Aug. 29 (Bloomberg) -- The proposed linking of the European Union and Australian greenhouse-gas-reduction programs will demonstrate to policy makers across the world that carbon markets can help address climate change, said Andrei Marcu.
“Those who say there is no urgency are being contradicted on the ground,” Marcu, head of the Centre for European Policy Studies’ Carbon Market Forum in Brussels, said today in an interview from United Nations climate talks in Bangkok. “This is a very good signal. This is not theory any more.”
Australia said yesterday it will allow its emitters to use international credits including EU permits and United Nations Certified Emission Reductions for as much as half of their compliance needs, tightening the specific limit on UN offsets to 12.5 percent from 50 percent. The nation would scrap a floor price of A$15 ($15.57) a metric ton set to take effect in 2015.
The two regions will start a partial link of their carbon markets by July 2015, allowing Australian companies to purchase European allowances immediately for future compliance, hedging the risk that carbon permits will rise, Martijn Wilder, a partner at the law firm Baker & McKenzie LLP in Sydney, said yesterday by phone.
“The timing of the government’s announcement is particularly opportunistic,” given low EU carbon prices and the high Australian dollar, Wilder said.
EU allowances for December have dropped 43 percent in the past year on surging supply and muted demand. They declined 0.9 percent today to 7.91 euros ($9.92) a metric ton on the ICE Futures Europe exchange in London as of 12:23 p.m.
United Nations Rules
Australia may link with carbon programs in China, South Korea and New Zealand, which could also provide the nation with supply, Wilder said.

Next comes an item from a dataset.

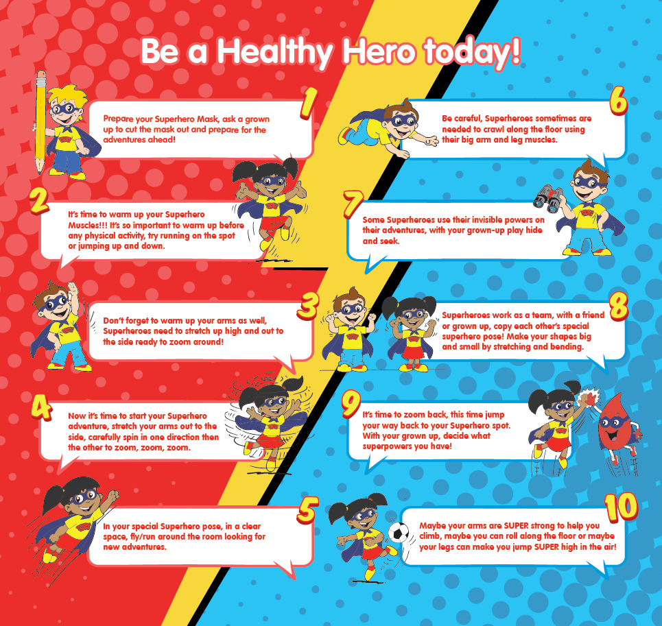 We will be handing out mask templates in class, or if you’re eager to get started you can download one here. Children can colour in and decorate their mask to match their unique superhero theme ready to wear to class during Healthy Heroes Week. Please supervise little ones and we look forward to seeing all their creations!

The EU-Australia linkage is being proposed as the UN considers establishing rules that seek to oversee carbon markets around the world, where at least 29 programs have started or are being considered, according to World Bank figures from May.
The UN framework will attempt to prevent countries from counting emission reductions for themselves while selling credits in international markets, for instance, according to a technical paper published Aug. 24 on the website of the UN Framework Convention on Climate Change.

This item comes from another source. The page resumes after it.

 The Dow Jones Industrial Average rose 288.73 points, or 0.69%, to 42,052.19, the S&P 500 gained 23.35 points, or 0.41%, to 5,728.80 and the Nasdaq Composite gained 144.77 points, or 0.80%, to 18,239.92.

Such so-called double counting could exceed 1 billion metric tons of carbon dioxide by 2020 unless new rules are introduced, according to the paper, which cited the UN Environment Programme. The EU market’s cap this year will be 2.4 billion tons, according to an estimate by Bloomberg New Energy Finance.
‘Cookie Crumble’ Risk
The UN rules, alongside the linking proposed by Australia and the EU are needed to help keep carbon markets from becoming too disconnected from each other, Marcu said.

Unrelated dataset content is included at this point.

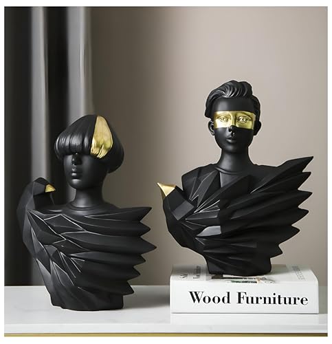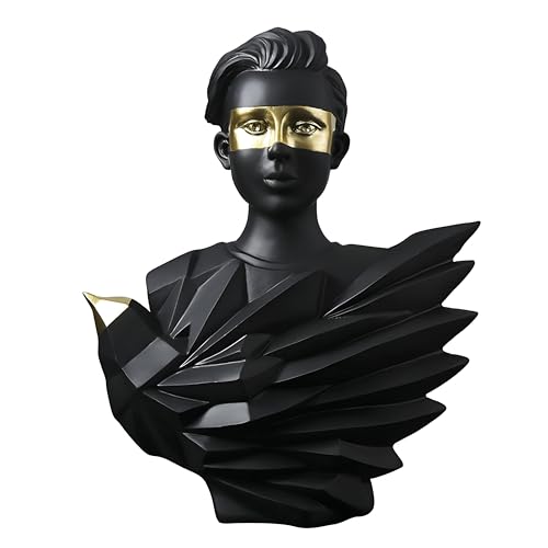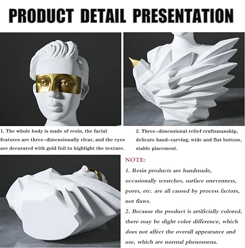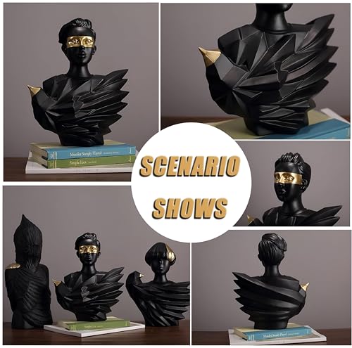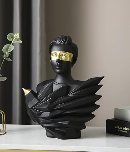 - This modern art sculpture serves as an eye-catching decorative piece, crafted from high-quality resin. Its detailed, three-dimensional facial features are accentuated with luxurious gold foil on the eyes, making it an exquisite addition to any desk, bookshelf, or living area that seeks a touch of elegance and sophistication. Its striking combination of black, gold, and white adds a modern flair, effortlessly enhancing the aesthetic of your home, office, or any space where it is displayed.

“Once the cookie crumbles, it’s very hard to put it back together,” he said.
“Given the recent turmoil around markets, you want to reassure that it will function well,” he said.
The 1997 Kyoto Protocol, the world’s biggest cap-and-trade market measured by emissions covered, has targets for 37 developed nations for the five years through this year. That market, which the U.S. didn’t ratify, is oversupplied by more than 10 billion tons, the World Bank estimated in May.